Placement groups are down
Understand and troubleshoot placement groups that are in a down state.
The ceph health detail command reports that some placement groups are down. For example,
HEALTH_ERR 7 pgs degraded; 12 pgs down; 12 pgs peering; 1 pgs recovering; 6 pgs stuck unclean; 114/3300 degraded (3.455%); 1/3 in osds are down ... pg 0.5 is down+peering pg 1.4 is down+peering ... osd.1 is down since epoch 69, last address 192.168.106.220:6801/8651
What this means
In certain cases, the peering process can be blocked, which prevents a placement group from becoming active and usable. Usually, a failure of an OSD causes the peering failures.
For more information, see Ceph OSD peering.
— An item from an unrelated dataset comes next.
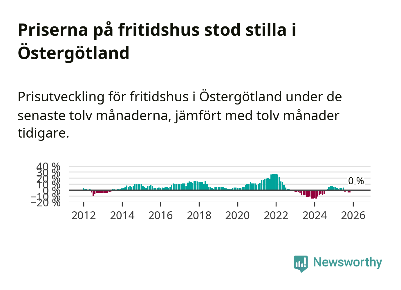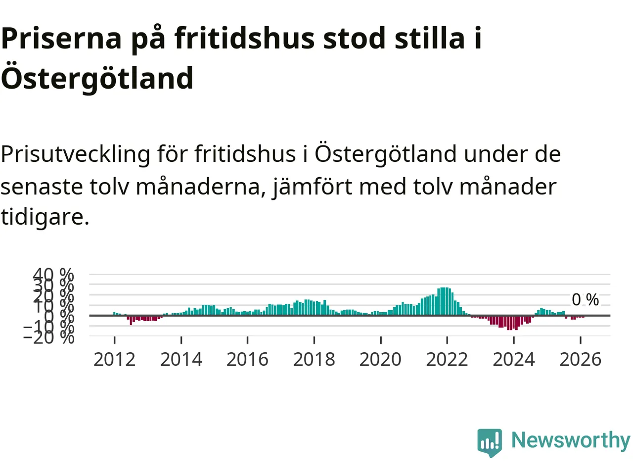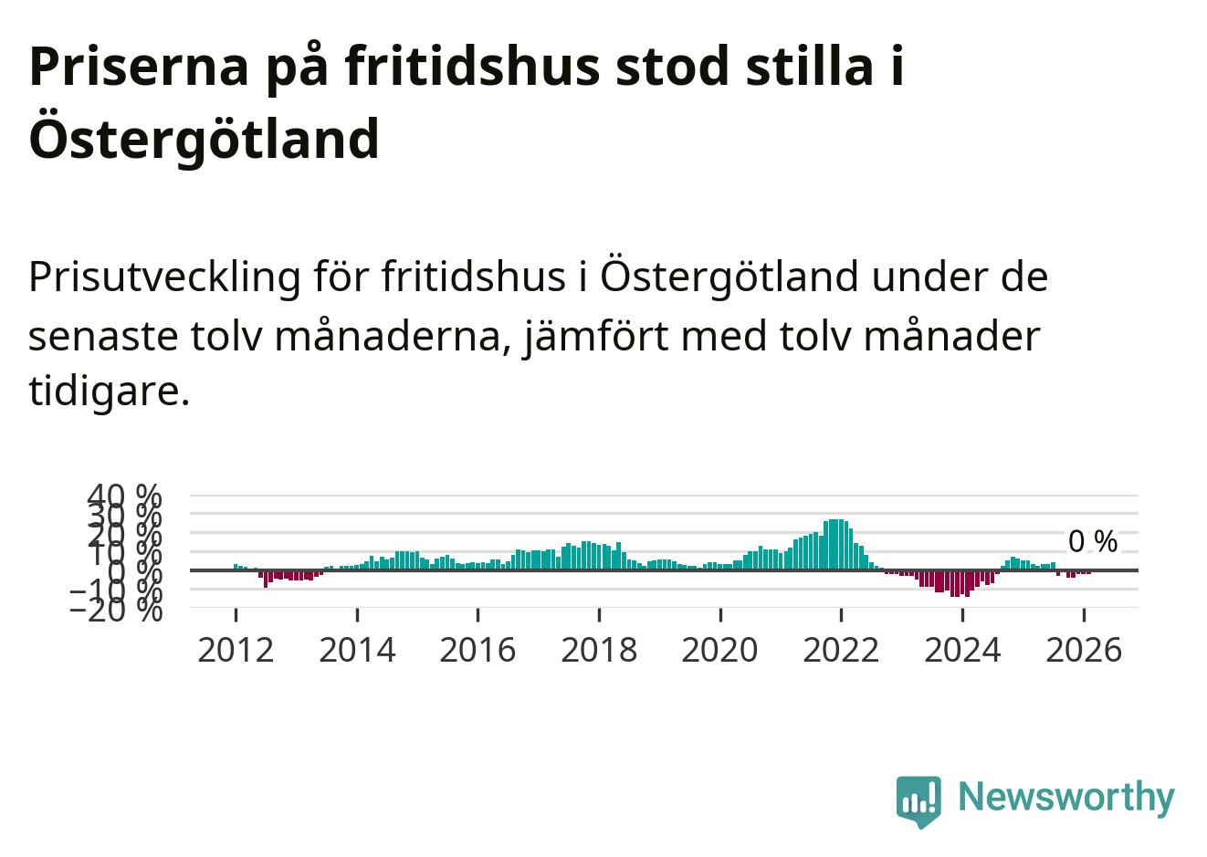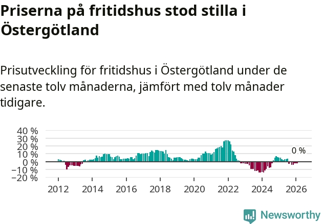 Priserna på fritidshus står i stort sett stilla i Östergötlands län. Medelpriset på de på försäljningarna under de senaste tolv månaderna låg på samma nivå som för ett år sedan.

Troubleshooting this problem
Determine what blocks the peering process.
ceph pg ID query
Replace ID with the ID of the placement group that is down.For example,
[ceph: root@host01 /]# ceph pg 0.5 query
{ "state": "down+peering",
...
"recovery_state": [
{ "name": "Started\/Primary\/Peering\/GetInfo",
"enter_time": "2021-08-06 14:40:16.169679",
"requested_info_from": []},
{ "name": "Started\/Primary\/Peering",
"enter_time": "2021-08-06 14:40:16.169659",
"probing_osds": [
0,
1],
"blocked": "peering is blocked due to down osds",
"down_osds_we_would_probe": [
1],
"peering_blocked_by": [
{ "osd": 1,
"current_lost_at": 0,
"comment": "starting or marking this osd lost may let us proceed"}]},
{ "name": "Started",
"enter_time": "2021-08-06 14:40:16.169513"}
]
}
The recovery_state section includes information on why the peering process is blocked.
- If the output includes the peering is blocked due to down osds error message, see Down OSDs.
-
If you see any other error message, open a support ticket with IBM Support.